I ran into a same issue and have an idea base on Paul's suggestion.

How about this, Let's check the "backtrace_mask" earlier in the
architecture-specific callback (arm64_backtrace_ipi) used by
`nmi_trigger_cpumask_backtrace`, and also shorten the timeout to one
second.
Once a timeout occurs, we clear the "backtrace_mask" to avoid
`nmi_trigger_cpumask_backtrace` getting stuck for ten seconds in such
scenarios.
This approach does not require modifying any common-code API.

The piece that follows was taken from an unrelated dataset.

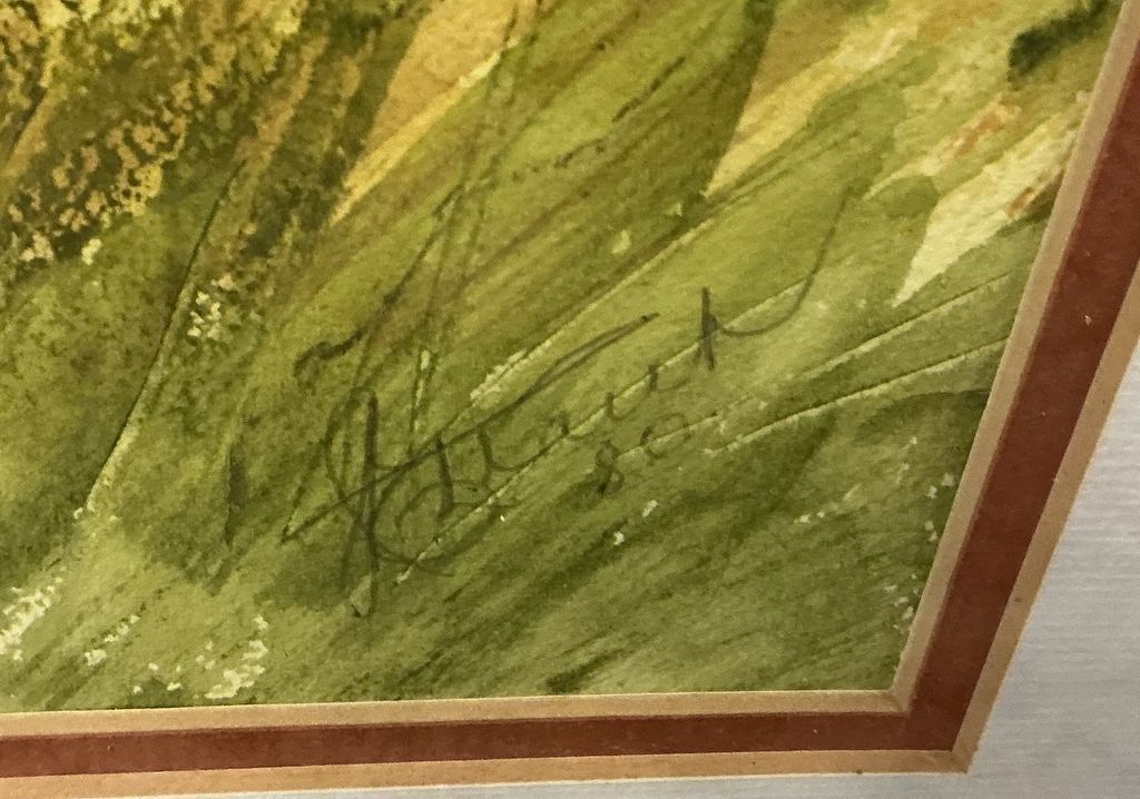 20h 26w Signed 1980 Watercolor of Girl in Field Landscape, matted, Local estate, framed, Location Room 3 20h 26w Signed 1980 Watercolor of Girl in Field Landscape, matted, Local estate, framed, Location Room 3

File: arch/arm64/kernel/smp.c:
 static void arm64_backtrace_ipi(cpumask_t *mask)  {
        __ipi_send_mask(ipi_desc[IPI_CPU_BACKTRACE], mask);
+
+       if (!system_uses_irq_prio_masking()) {
+               /* Wait for 1 second for all CPUs to do the backtrace
*/
+               for (int i = 0; i < 1000; i++) {
+                       if (cpumask_empty(mask))
+                               return;
+                       mdelay(1);
+                       touch_softlockup_watchdog();
+               }
+               /*
+                * clear the cpumask so that we don't wait on cpu that
did
+                * not response ipi again in
nmi_trigger_cpumask_backtrace
+                */
+               cpumask_clear(mask);
+       }
 }

If this change is acceptable, I would be happy to submit a formal
patch.
Before I do that, I'd like to get some input from the maintainers here.

---
Thanks, Tze-nan